# Pumpenlaufzeiten, Es läßt mir keine Ruhe...



## ra_ll_ik (26. März 2007)

Moin,
ich habe nochmal einiges von euch durchgelesen, bezüglich Pumpenlaufzeiten, Bakterien usw.
Aber es läßt mich nicht los. Oder ich habe es falsch verstanden.

Also mal eine Grundsätzliche Frage.
Überall steht geschrieben, Filteranlagen sollen permanent durchlaufen.
Die Bakterien können keinen Sauerstoffabfall der zwangsläufig entsteht, wenn die Anlage per Zeitschaltuhr gesteuert werden würde, überleben.

Gesetz dem Fall, ich schalte abends die Anlage per Zeitschaltuhr ab. (22.00-08.00)
Gebe aber gleichzeitig mit einem Luftsprudelstein Sauerstoff während der Ruhephase in den Filter.
Würde das Funktionieren?
Ergebnis: Bakterien fühlen sich wohl, Strom gespart, Geräuschpegel gesenkt usw.
Wie denkt ihr darüber?

Gruß


----------



## karsten. (26. März 2007)

*AW: Pumpenlaufzeiten, Es läßt mir keine Ruhe...*

Hallo

"Luftsprudelsteine" bewegen das Wasser ....etwas 
lösen aber nicht nennenswert Sauerstoff im Wasser

oder wolltest Du über einen Profi-Auströmer reinen Sauerstoff einblasen ?

schöne Woche


----------



## ra_ll_ik (26. März 2007)

*AW: Pumpenlaufzeiten, Es läßt mir keine Ruhe...*



> oder wolltest Du über einen Profi-Auströmer reinen Sauerstoff einblasen


Nein hatte ich nicht vor.

Aber was passiert denn, wenn der Filter (5.1) ganz normal durchläuft?
Da läuft es auch nur sprudelnd hinein und wieder hinaus.

Wir also auch nicht richtig gelöst Oder?


----------



## karsten. (26. März 2007)

*AW: Pumpenlaufzeiten, Es läßt mir keine Ruhe...*

Hallo

das hat wenig mit dem "Sprudeln" zu tun .
Teichwasser nimmt Sauerstoff hauptsächlich über die Wasseroberfläche bzw. über die Pflanzen auf . Wenn ich die Filter durchlaufen lasse habe ich den gesammten sich regenerierenden Sauerstoffvorrat des Teiches zur Verfügung.
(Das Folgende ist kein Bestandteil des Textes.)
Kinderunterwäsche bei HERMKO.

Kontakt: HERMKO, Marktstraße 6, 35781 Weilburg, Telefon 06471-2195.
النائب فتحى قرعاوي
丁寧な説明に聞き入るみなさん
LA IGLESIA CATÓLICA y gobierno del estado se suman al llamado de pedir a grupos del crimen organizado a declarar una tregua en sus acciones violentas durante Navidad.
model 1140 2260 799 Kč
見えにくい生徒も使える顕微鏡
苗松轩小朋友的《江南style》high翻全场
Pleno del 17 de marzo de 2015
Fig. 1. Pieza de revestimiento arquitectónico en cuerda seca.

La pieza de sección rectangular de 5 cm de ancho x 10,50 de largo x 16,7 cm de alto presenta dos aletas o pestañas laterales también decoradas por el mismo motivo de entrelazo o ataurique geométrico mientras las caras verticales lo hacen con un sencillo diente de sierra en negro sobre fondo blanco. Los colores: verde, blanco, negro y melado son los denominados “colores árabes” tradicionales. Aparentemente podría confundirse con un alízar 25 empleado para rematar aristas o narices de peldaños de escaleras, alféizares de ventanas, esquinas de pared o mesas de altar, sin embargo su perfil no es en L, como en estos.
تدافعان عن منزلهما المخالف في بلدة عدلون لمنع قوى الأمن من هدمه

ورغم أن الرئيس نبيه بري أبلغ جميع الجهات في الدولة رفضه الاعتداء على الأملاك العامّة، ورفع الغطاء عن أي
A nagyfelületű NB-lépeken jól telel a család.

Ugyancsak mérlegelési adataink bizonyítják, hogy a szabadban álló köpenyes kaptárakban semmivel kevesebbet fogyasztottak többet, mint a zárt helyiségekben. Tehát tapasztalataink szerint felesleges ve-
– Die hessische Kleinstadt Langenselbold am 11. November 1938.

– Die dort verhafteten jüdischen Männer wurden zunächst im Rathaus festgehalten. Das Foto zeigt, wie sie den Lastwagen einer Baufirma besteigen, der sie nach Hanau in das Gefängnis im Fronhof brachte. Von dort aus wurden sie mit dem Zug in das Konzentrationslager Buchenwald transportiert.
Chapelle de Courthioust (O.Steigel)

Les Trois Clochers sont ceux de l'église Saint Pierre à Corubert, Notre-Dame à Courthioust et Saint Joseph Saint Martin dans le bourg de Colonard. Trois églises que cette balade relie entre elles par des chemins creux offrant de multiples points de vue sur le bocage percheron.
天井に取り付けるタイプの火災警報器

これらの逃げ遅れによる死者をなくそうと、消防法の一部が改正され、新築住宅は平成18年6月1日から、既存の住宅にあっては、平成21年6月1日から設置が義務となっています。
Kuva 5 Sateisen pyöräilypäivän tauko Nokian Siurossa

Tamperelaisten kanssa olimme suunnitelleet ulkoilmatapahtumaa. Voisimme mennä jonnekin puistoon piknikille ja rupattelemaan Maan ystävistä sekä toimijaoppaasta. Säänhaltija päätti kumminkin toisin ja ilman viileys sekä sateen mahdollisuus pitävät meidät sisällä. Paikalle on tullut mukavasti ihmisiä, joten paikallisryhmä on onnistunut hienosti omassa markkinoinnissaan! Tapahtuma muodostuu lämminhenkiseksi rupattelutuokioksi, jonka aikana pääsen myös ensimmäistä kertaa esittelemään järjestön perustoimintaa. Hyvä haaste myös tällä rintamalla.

Bei Pausen nur noch die paar Prozent Wasservorrat im Filter und da verbraucht sich der O2 eben . 

mit den bekannten Folgen

mfG


----------



## Acronicta (26. März 2007)

*AW: Pumpenlaufzeiten, Es läßt mir keine Ruhe...*

Habe seit 10 Jahren den bestehenden Teich.
Meine Pumpe läuft im Sommer von 10:00-21:00 Uhr,
im Frühjahr von 12:00-18:00 Uhr.
Von Dezemebr bis März gar nicht.

Per Zeitschaltuhr.

Alle Fische gesund (Ich muß sogar regelmäßig Jungfische aussetzen),
prächtiges Pflanzenwachstum,
klares Wasser.

Ehrlich - ob da Bakterien im Filter überlegen, juckzt mich nicht - denn es hat, für meinen Teich, keine negativen Auswirkungen !


----------



## ra_ll_ik (26. März 2007)

*AW: Pumpenlaufzeiten, Es läßt mir keine Ruhe...*

Moin
Überzeugt, dann lassen wir ihn durchlaufen ...


----------



## jochen (26. März 2007)

*AW: Pumpenlaufzeiten, Es läßt mir keine Ruhe...*

Hallo Ralf,

die Bakterien zehren ja nicht nur vom Sauerstoff, sie benötigen ja auch Ammonium das zu Ammoniak dann zu Nitrit und dann letzdendlich zu Nitrat umgewandelt wird.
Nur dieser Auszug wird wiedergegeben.